Udass Naslain اداس نسلیں
- Author: Abdullah Hussain
- Language: Urdu
- Subject: British India
- Genre: Novel
- Publisher: Sang-e-Meel Publications
- Publication date: First 1964; last 2015
- Publication place: Pakistan
- Dewey Decimal: 891.4393

= Udaas Naslain =

1964 novel by Abdullah Hussain

Udaas Naslain (translated into English as The Weary Generations) is an Urdu novel by Pakistani writer Abdullah Hussain. His debut novel, it led to his rise to prominence in Urdu literature. It won the Adamjee Literary Award in 1963, the year of its publication. It is considered as a masterpiece and one of the greatest novels in Urdu literature. It was translated into English and published in London in 1964/1999.

The original edition of the book had a cover by Abdur Rahman Chughtai. The English edition was translated by Asghar Nadeem Syed.
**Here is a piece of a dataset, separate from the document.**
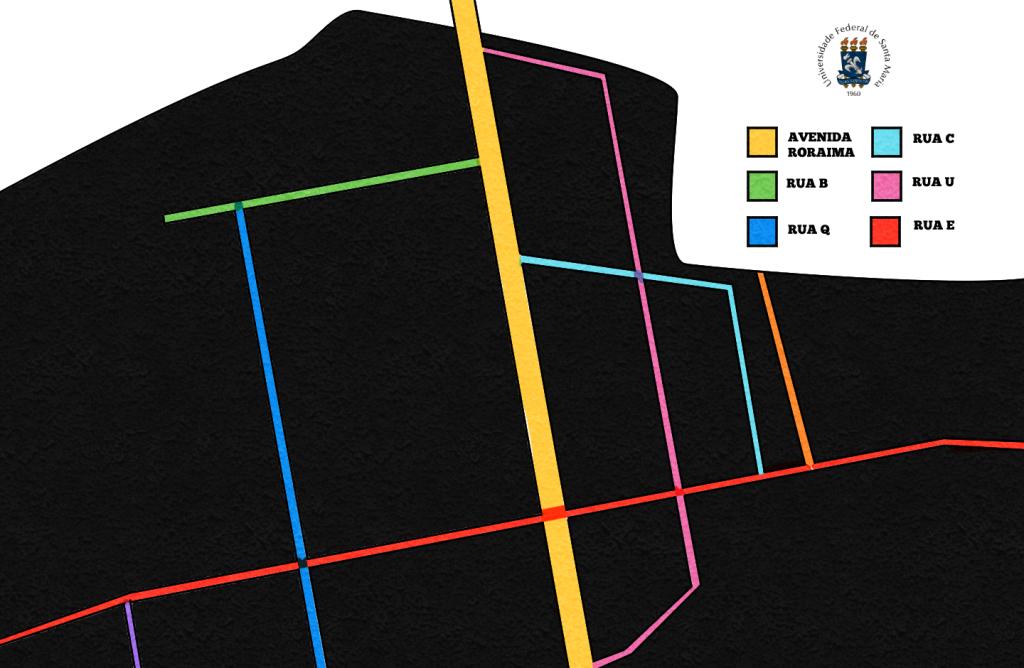 12. Além dos prédios, as ruas da Universidade também não foram muito planejadas. Atualmente a nomenclatura delas é feita por meio de letras. Outro projeto da Proinfra para 2020 é nomear e colocar placas para indicar as ruas do campus.

The book is a work of episodic fiction and focuses on the roughly 35 years leading up to the Partition of India.

== Overview ==
The book is divided in three parts as World War I days to, Indian independence day and culminating in Partition.

The protagonist of the novel, Naeem, a Victoria Cross winner who after showing gallantry in Belgium and France returns to his village Roshan pur. The highlights of novel include trench warfare of World War I, village life, Jallianwala Bagh massacre and Qissa Khwani massacre.

== Plagiarism allegations ==
Qurratulain Hyder accused that several chapters of the novel were written in a style that closely resembled her work, including Aag Ka Darya, with entire sentences and paragraphs plagiarized, albeit with slight variations.